Ms Coutinho continued: “They will learn this, they laugh, but their voters won’t forget that they made them that promise.”
She added: “They all know that their leadership has sold them down the river on this one, because the Prime Minister and the Secretary of State know those savings cannot be delivered. In fact, their approach to energy will add huge costs to people’s bills.
“That’s not us being evil Tories on this side of the House, that’s also the view of the European lead for Mitsubishi Power who said that Labour Party plans would require a huge sacrifice from Brits.”
Former Conservative Party chairman Richard Holden also criticised the Government over its claim that clean energy plans would knock £300 off bills.

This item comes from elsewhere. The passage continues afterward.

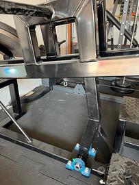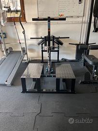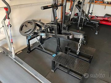 vendo questo robustissimo belt squat perfetto, utilizzo di un anno, vendo perchè torno in palestra e vendo tutto...altri annunci nel mio account... non spedisco solo ritiro di persona, belt squat adatto a moltissimi esercizi, principale accosciata tipo squat senza sollecitare schiena, ma anche ottimo per stacchi gambe teste, stacchi sumo, scrollate trapezi, bicipiti cavo basso, tricipiti cavo alto, rematore bilancere o rematore singolo mettendo una maniglia in basso ecc .... misure contenute 1 mt larghezza per 130 cm di profondità , materiali molto robusti e spessi si può caricare su un sacco di pesi e perni su cuscinetti, perno caricamento dischi 28 mm per dischi decathon o superiori...perni fatti fare lunghi per poter caricare più dischi per altre info contattatemi al 3404800245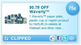 I just noticed a new coupon to save on Waverly products! Print a 75¢/1 Hefty Waverly Paper Plate, Cup, or Napkin at Coupons.com.

He said: “It’s been causing quite a lot of confusion in the national media over the last couple of days when Downing Street have been saying one thing, (Mr Shanks’) department have been saying another.”
Mr Shanks replied: “I think it does take a bit of a brass neck to come here and talk about bringing down bills when the government that he supported for a long time saw those skyrocket.
“We’ve been very clear, bills will come down, we said that throughout the campaign, we said that yesterday and we stand by that because bills must come down, but this isn’t going to happen overnight.”
Elsewhere in the debate, Liberal Democrat spokesperson for climate change Wera Hobhouse said the race to net zero is the “major economic opportunity of the century”.
She said: “The green economy must sit at the heart of economic growth, and the Government has work to do to reverse the damaging narrative of the previous government, that this is about green versus growth.
“And also to reverse the unforgivable failures of the last Conservative government, which delayed, blocked or even reversed urgent action on climate change. Now is the time to move forward.”
Winding up, Tory shadow energy minister Joy Morrissey pointed to plans for a Government-backed company called GB Energy to “accelerate Britain’s pathway to energy independence”.
Ms Morrissey said the plan “is simply the Government subsidising high-risk projects for the private sector on the one hand, whilst decimating our oil and gas industry on the other”.
Ms Hobhouse intervened and said: “Is the shadow minister not aware that exactly this negative narrative from her party has held us back in the way to net zero?”
In his winding up speech, Mr Shanks said: “The rhetoric that we’re now hearing from this Conservative Party is a million miles from that David Cameron conservatism that said we should take the environment seriously.”
He added: “The reason that we’re on this journey is not because of some sort of ideological commitment to net zero, but because we know it is the only way to deliver the energy security that we need to reduce our dependence on volatile gas prices and to deliver the cheaper energy that we know will bring down bills.”